Records from a data source |

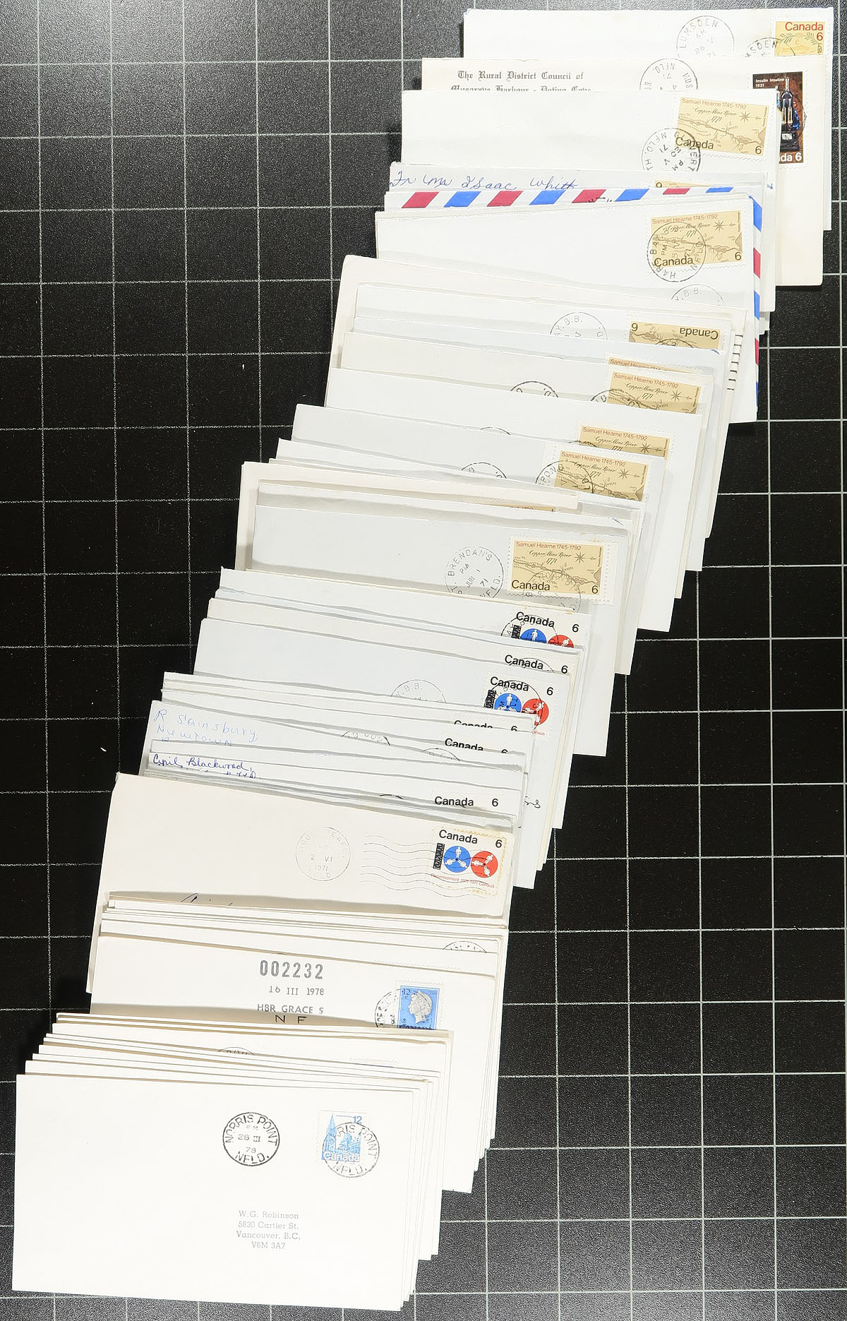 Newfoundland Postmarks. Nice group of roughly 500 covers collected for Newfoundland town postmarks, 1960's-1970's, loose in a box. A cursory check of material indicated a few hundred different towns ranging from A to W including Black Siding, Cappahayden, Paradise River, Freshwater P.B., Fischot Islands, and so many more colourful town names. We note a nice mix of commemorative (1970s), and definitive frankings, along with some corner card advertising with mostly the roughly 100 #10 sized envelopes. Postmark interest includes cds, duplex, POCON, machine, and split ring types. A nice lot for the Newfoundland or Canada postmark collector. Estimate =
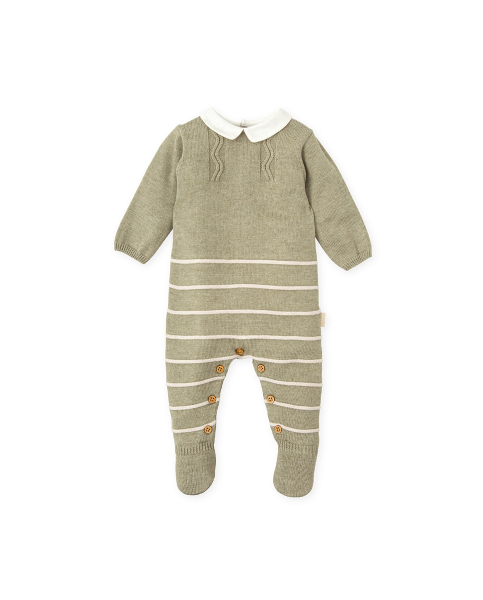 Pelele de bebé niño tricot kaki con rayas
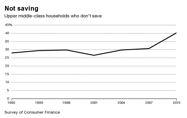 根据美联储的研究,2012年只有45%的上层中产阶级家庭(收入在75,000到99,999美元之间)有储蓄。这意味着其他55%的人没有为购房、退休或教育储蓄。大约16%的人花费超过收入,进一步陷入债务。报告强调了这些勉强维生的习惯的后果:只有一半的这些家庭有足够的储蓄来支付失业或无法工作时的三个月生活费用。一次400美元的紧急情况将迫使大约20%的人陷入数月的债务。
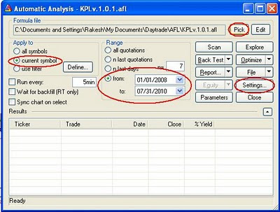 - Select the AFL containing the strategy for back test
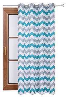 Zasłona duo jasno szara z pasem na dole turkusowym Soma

Task directions |
Because the copy must hold no pictures, return only the lines that run from the line containing "- Select the" to the end of the data above, each exactly as it stands.

Output |
 - Select the AFL containing the strategy for back test
 Zasłona duo jasno szara z pasem na dole turkusowym Soma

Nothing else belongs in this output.